### What you need to do
Look through the data below and output, unchanged, every line from the one holding "黄婉茹为北外诸侯快讯入口官网1977级校友荣裕民先生一行讲解" through the one holding "Alolan Meowth (Japanese: アローラニャース", inclusive. Skip the pictures.

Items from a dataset
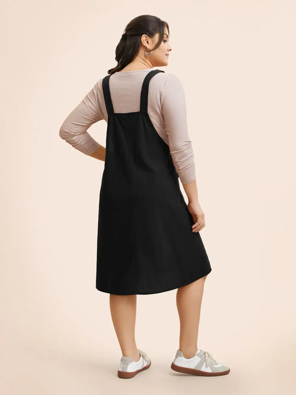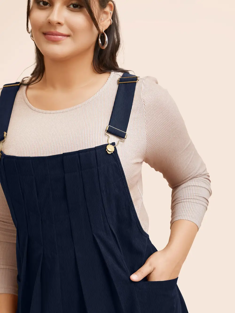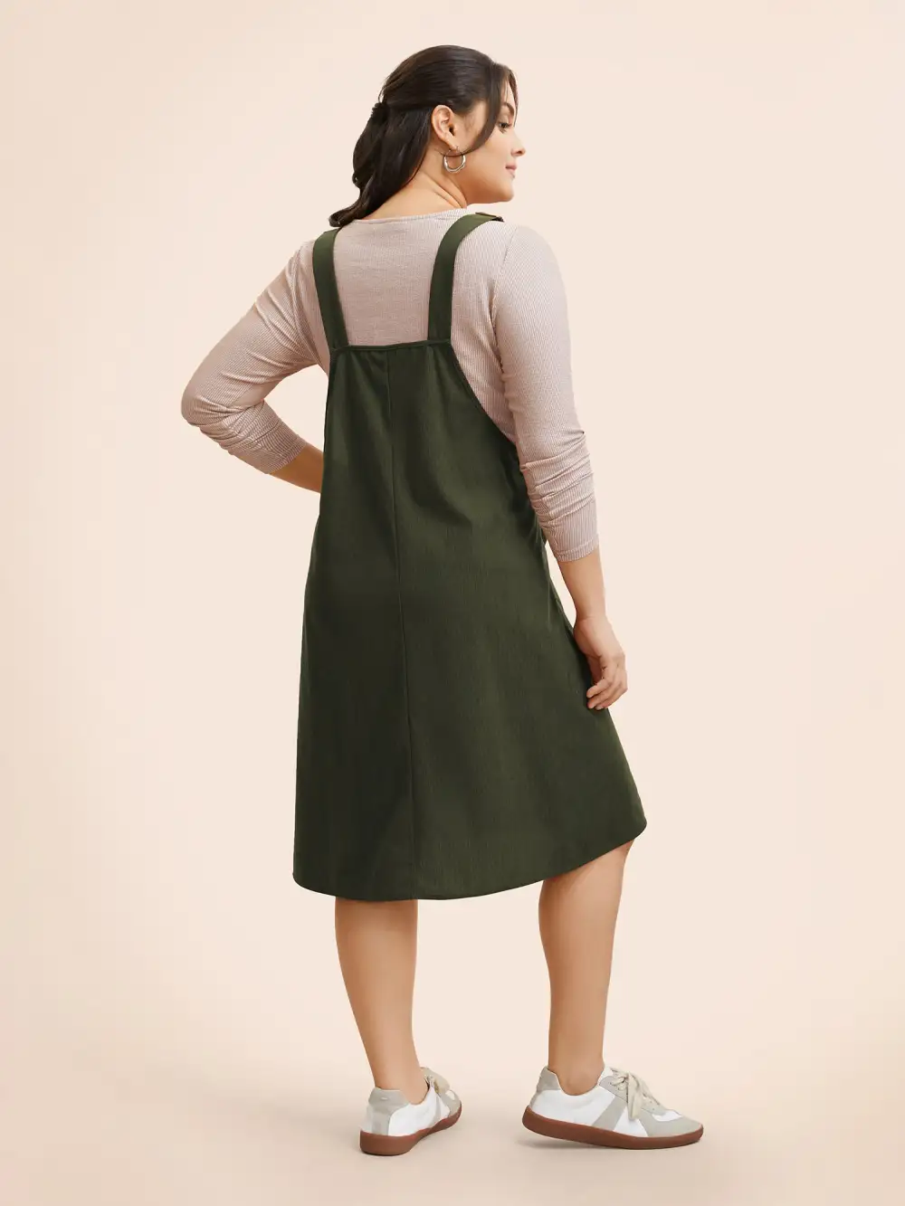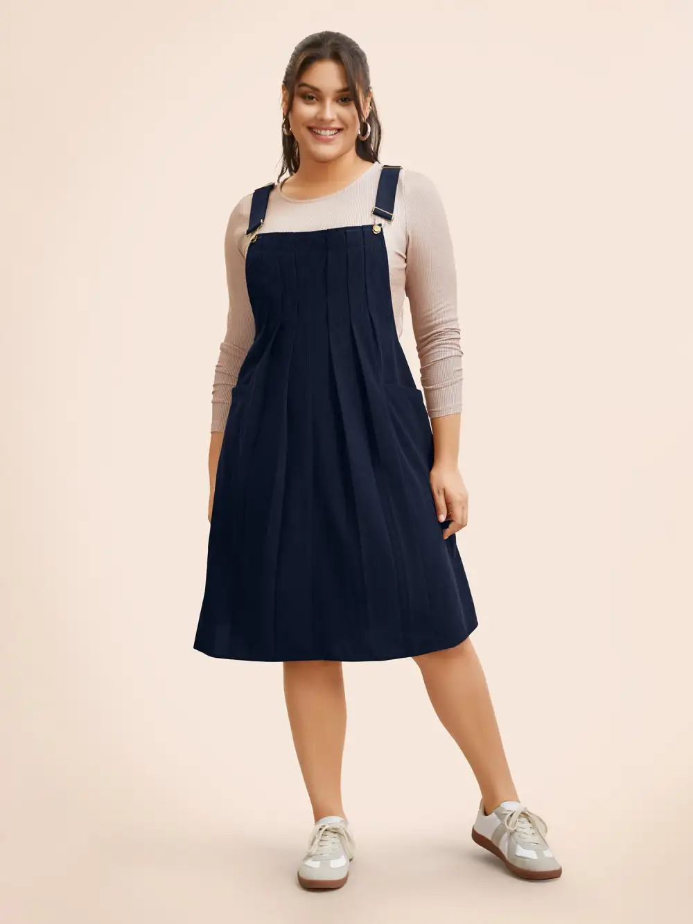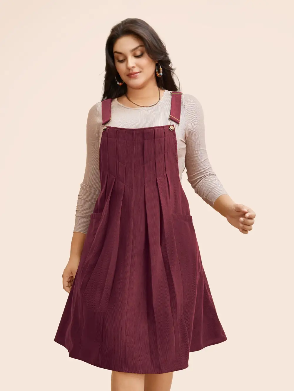 Solid Corduroy Pleated Overall Dress
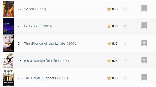 على سبيل المثال فإن الكثيرين يعتقدون أن أورسون ويلز المواطن كين هو أفضل فيلم من أي وقت مضى ويبدو كما 1 على قائمة أفضل أفلام afi في حين أن الخلاص من شاوشانك هو رقم 1 على قاعدة بيانات الأفلام على الإنترنت أعلى 250 في حين. أحدث الأفلام المنضمة إلى لائحة imdb الشهيرة لأفضل 250 فيلم في التاريخ. فيلم the godfather.
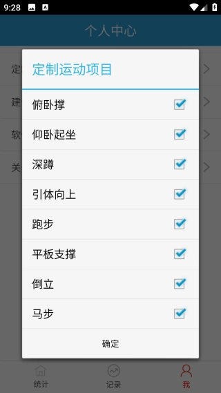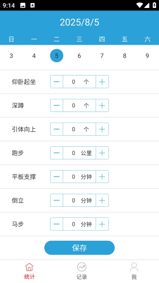 3、打开【统计】界面,记录并保存每日相关项目运动数据。
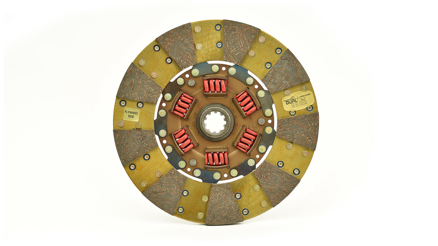 The Centerforce(R) Dual Friction(R) Disc Series uses a single disc with patented dual friction technology by distributing pressure plate clamp force evenly over a 360-degree friction-facing on one side of the clutch disc, while the opposing side uses a segmented friction-facing to concentrate clamping pressure and increase clutch holding-capacity. These discs are made for Centerforce Dual Friction pressure plates.
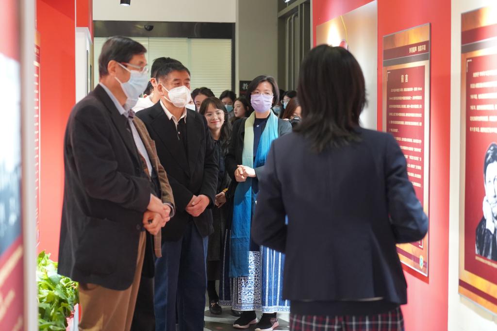 黄婉茹为北外诸侯快讯入口官网1977级校友荣裕民先生一行讲解
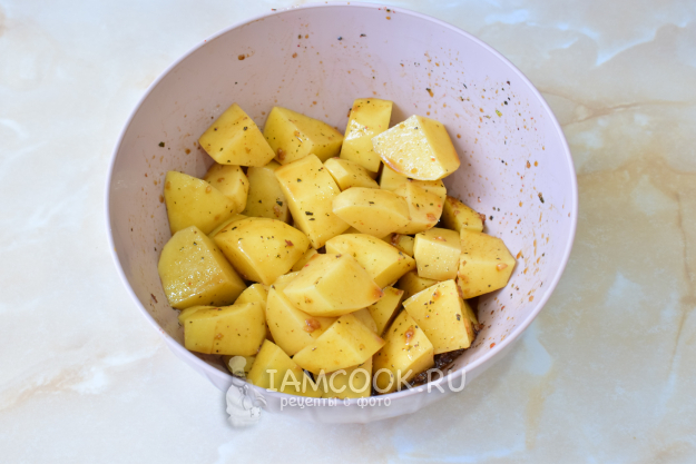Перед запеканием крылья извлеките из маринада. В эту же чашу выложите очищенный картофель, нарезанный крупными кусочками. Перемешайте с остатками маринада.
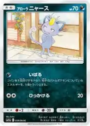 Alolan Meowth (Japanese: アローラニャース Alolan Nyarth) is a Darkness-type Basic Pokémon card. It is part of the Cosmic Eclipse expansion.
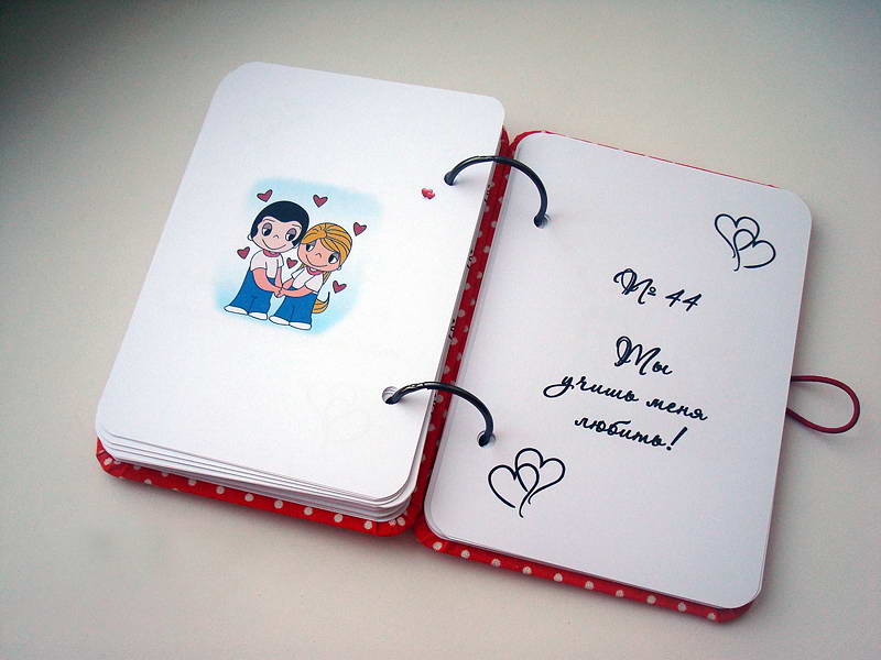 - Cute gift for the first anniversary - a love notepad. You can buy it already ready or arrange it yourself, decorating it properly. In this notebook, you will need to enter various romantic phrases, words, poems, confessions, various situations that symbolize your relationship. A good addition to this presentation will be a few common photos.
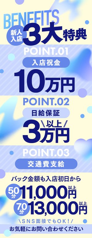【ラストまで勤務できる女の子必見!入店祝金10万円を20万円に増額してプレゼントします】
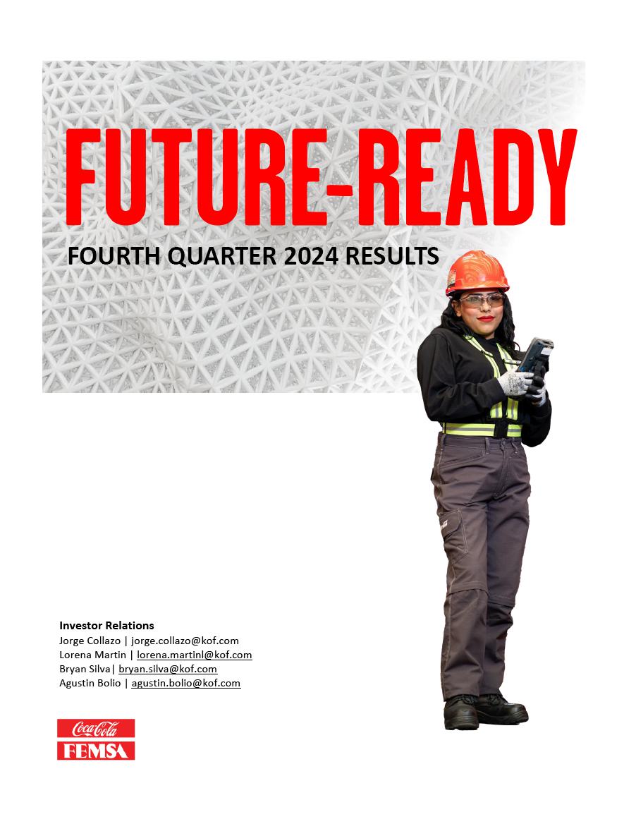 Mexico City, February 21, 2025, Coca-Cola FEMSA, S.A.B. de C.V. (BMV: KOFUBL, NYSE: KOF) (“Coca-Cola FEMSA,” “KOF” or the “Company”), the largest Coca-Cola franchise bottler in the world by sales volume, announces results for the fourth quarter of 2024.

### Solution
 黄婉茹为北外诸侯快讯入口官网1977级校友荣裕民先生一行讲解
Перед запеканием крылья извлеките из маринада. В эту же чашу выложите очищенный картофель, нарезанный крупными кусочками. Перемешайте с остатками маринада.
 Alolan Meowth (Japanese: アローラニャース Alolan Nyarth) is a Darkness-type Basic Pokémon card. It is part of the Cosmic Eclipse expansion.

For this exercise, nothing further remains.